而那些所谓的“卡车司机”,此刻正三三两两地靠在车头抽菸。他们把刚刚用来杀人的自动武器隨意地挎在胸前,一脸的淡然。
赵刚咽了口唾沫,喉结艰难地滚动了一下。他也是上过战场的老兵,但这帮人的杀气,比他见过的任何王牌部队都要重。
“活口在那。”
一名身材魁梧的“司机”指了指这辆解放车的后轮。
那个代號“蝮蛇”的傢伙,此刻正瘫在地上,裤襠湿了一大片,在那冒著热气,很快又结成了冰碴子。他的眼神已经涣散了,嘴里神经质地念叨著:“魔鬼……全是魔鬼……”
没过十分钟,几辆掛著特殊牌照的吉普车咆哮著衝进现场。
车门打开,几名穿著黑色中山装的精干男子跳了下来。领头的一人扫视全场,目光在那几十名“司机”身上停留了足足五秒,瞳孔微微收缩。
他是行家。
这站位,这火力配置,还有那种视人命如草芥的冷漠……
“这也是『特办』的人?”黑衣领队压低声音问赵刚。
赵刚哆嗦著递过去一根烟,手抖得打不著火:“陈……陈主任的人。说是……运输队的。”
黑衣领队深吸了一口冷气,接过手下递来的现场勘查报告。零伤亡,全歼对手,耗时不到三分钟。

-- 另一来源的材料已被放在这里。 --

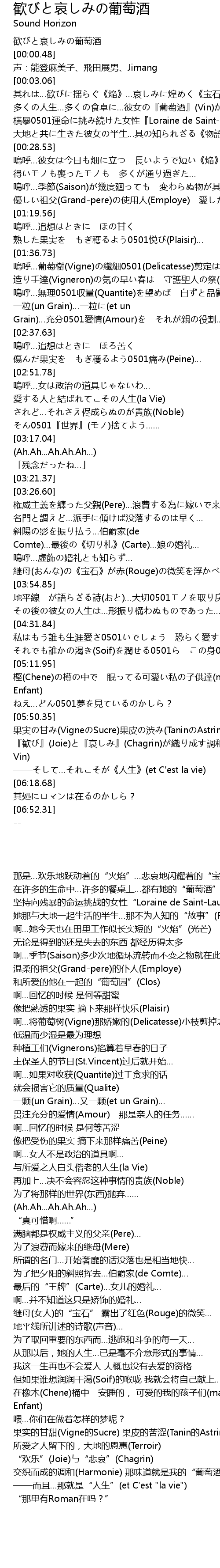 | [06:03.06] | 『歓び』(Joie)と『哀しみ』(Chagrin)が織り成す調和(Harmonie) その味わいが私の『葡萄酒』(ma Vin) |

他神色复杂地看向这片荒野,心中对那位素未谋面的“陈主任”升起了一股前所未有的忌惮。
这哪是运输队?这分明是一支隨时能打穿四九城的特种兵团!
“收队!把人带走,封锁消息,列为绝密!”
黑衣领队大手一挥,蝮蛇像条死狗一样被拖上了车。
夜色重新笼罩了大兴,那些“司机”们掐灭菸头,转身上车,仿佛一切都没发生过。
……
四九城,南锣鼓巷。
清晨的阳光透过窗欞纸,懒洋洋地洒在何家那张床上。
屋里暖气烧得正好,空气中还残留著昨夜大白兔奶糖的甜腻味儿,以及一股子说不清道不明的曖昧气息。
何雨柱睁开眼,盯著房顶的木樑,嘴角咧得像个熟透的裂口石榴。
怀里,秦京茹睡得正香,几缕乱发贴在红扑扑的脸蛋上,被子下的肩膀露出一抹晃眼的白。
这种感觉,太踏实了。
这就是老婆孩子热炕头?
何雨柱觉得自己前二十几年算是白活了。